Stored entries:
====

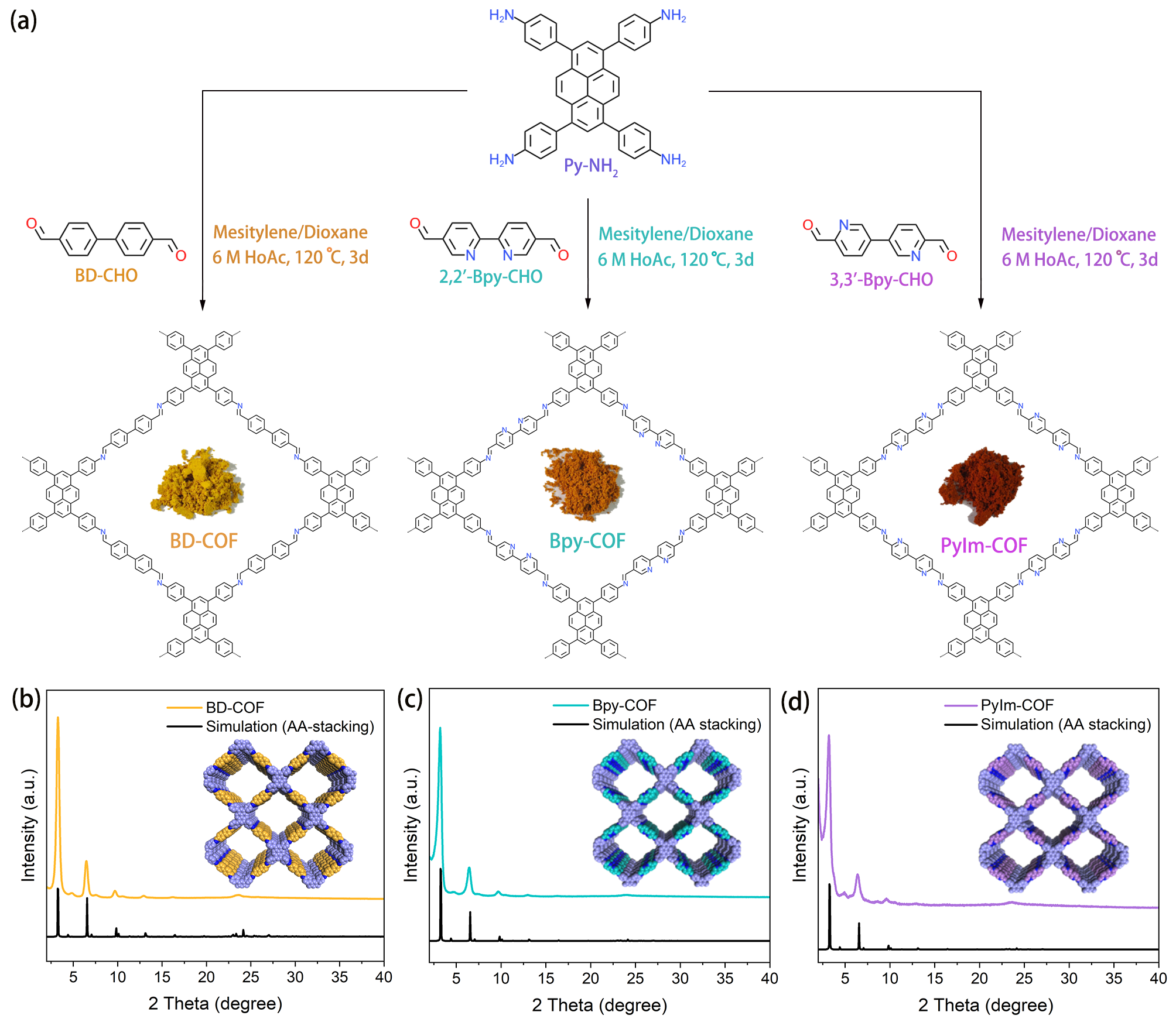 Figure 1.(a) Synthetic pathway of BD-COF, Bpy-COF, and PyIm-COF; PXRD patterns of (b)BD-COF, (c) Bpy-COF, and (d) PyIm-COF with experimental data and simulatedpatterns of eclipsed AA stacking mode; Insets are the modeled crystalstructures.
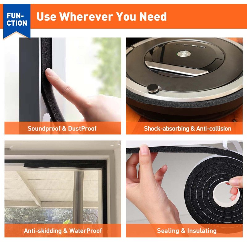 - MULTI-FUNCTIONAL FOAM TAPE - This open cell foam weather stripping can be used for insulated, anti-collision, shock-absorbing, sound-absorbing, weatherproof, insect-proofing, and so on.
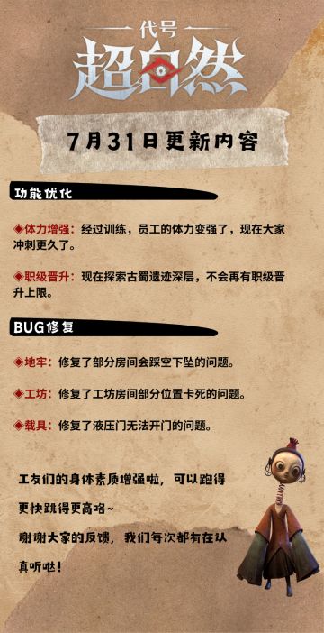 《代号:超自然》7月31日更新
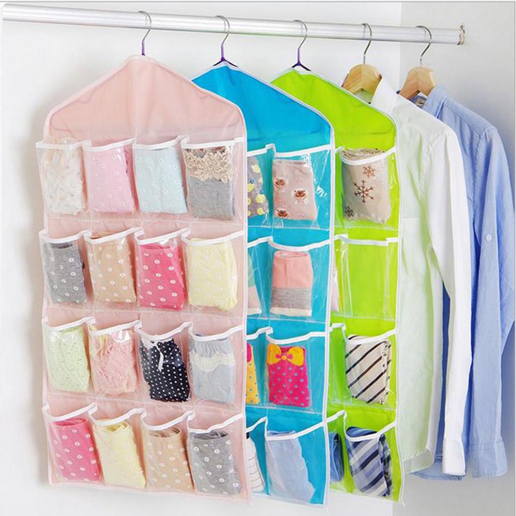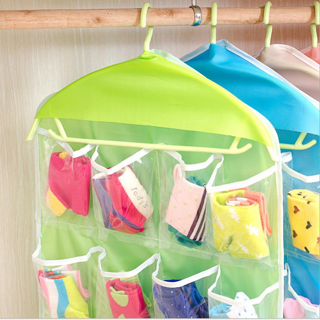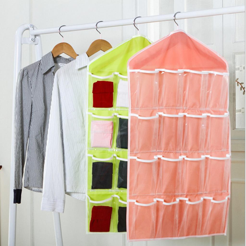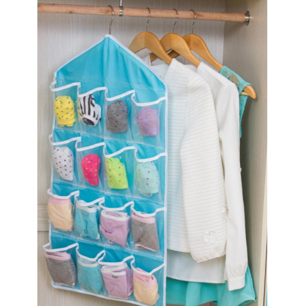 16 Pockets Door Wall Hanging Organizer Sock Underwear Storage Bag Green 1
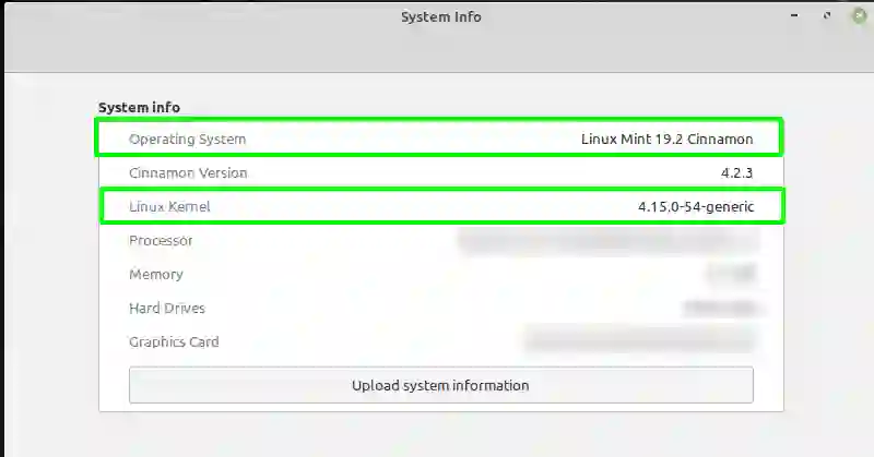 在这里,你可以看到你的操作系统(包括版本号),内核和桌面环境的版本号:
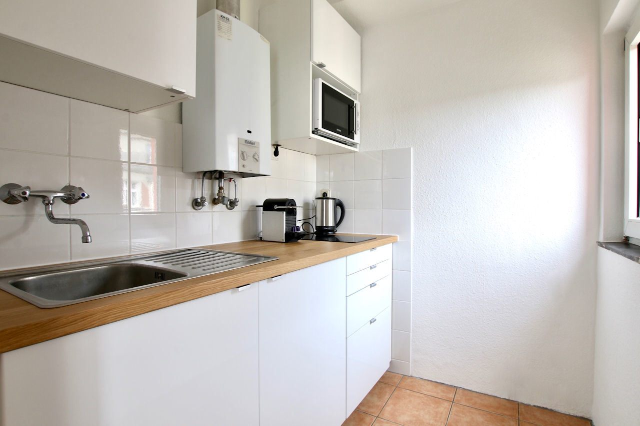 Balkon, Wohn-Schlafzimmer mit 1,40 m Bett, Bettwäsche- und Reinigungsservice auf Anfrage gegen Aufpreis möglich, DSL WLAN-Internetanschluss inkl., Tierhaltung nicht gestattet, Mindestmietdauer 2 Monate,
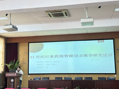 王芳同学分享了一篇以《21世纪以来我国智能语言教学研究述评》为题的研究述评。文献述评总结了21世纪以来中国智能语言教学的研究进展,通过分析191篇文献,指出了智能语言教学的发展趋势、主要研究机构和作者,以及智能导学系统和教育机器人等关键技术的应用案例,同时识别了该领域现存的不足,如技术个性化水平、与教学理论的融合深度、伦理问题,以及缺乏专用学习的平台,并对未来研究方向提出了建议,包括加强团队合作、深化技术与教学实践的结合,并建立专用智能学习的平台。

====

◆ Task prompt
Transcribe the data exactly, minus any images.

◆ Written response
 Figure 1.(a) Synthetic pathway of BD-COF, Bpy-COF, and PyIm-COF; PXRD patterns of (b)BD-COF, (c) Bpy-COF, and (d) PyIm-COF with experimental data and simulatedpatterns of eclipsed AA stacking mode; Insets are the modeled crystalstructures.
 - MULTI-FUNCTIONAL FOAM TAPE - This open cell foam weather stripping can be used for insulated, anti-collision, shock-absorbing, sound-absorbing, weatherproof, insect-proofing, and so on.
 《代号:超自然》7月31日更新
 16 Pockets Door Wall Hanging Organizer Sock Underwear Storage Bag Green 1
 在这里,你可以看到你的操作系统(包括版本号),内核和桌面环境的版本号:
 Balkon, Wohn-Schlafzimmer mit 1,40 m Bett, Bettwäsche- und Reinigungsservice auf Anfrage gegen Aufpreis möglich, DSL WLAN-Internetanschluss inkl., Tierhaltung nicht gestattet, Mindestmietdauer 2 Monate,
 王芳同学分享了一篇以《21世纪以来我国智能语言教学研究述评》为题的研究述评。文献述评总结了21世纪以来中国智能语言教学的研究进展,通过分析191篇文献,指出了智能语言教学的发展趋势、主要研究机构和作者,以及智能导学系统和教育机器人等关键技术的应用案例,同时识别了该领域现存的不足,如技术个性化水平、与教学理论的融合深度、伦理问题,以及缺乏专用学习的平台,并对未来研究方向提出了建议,包括加强团队合作、深化技术与教学实践的结合,并建立专用智能学习的平台。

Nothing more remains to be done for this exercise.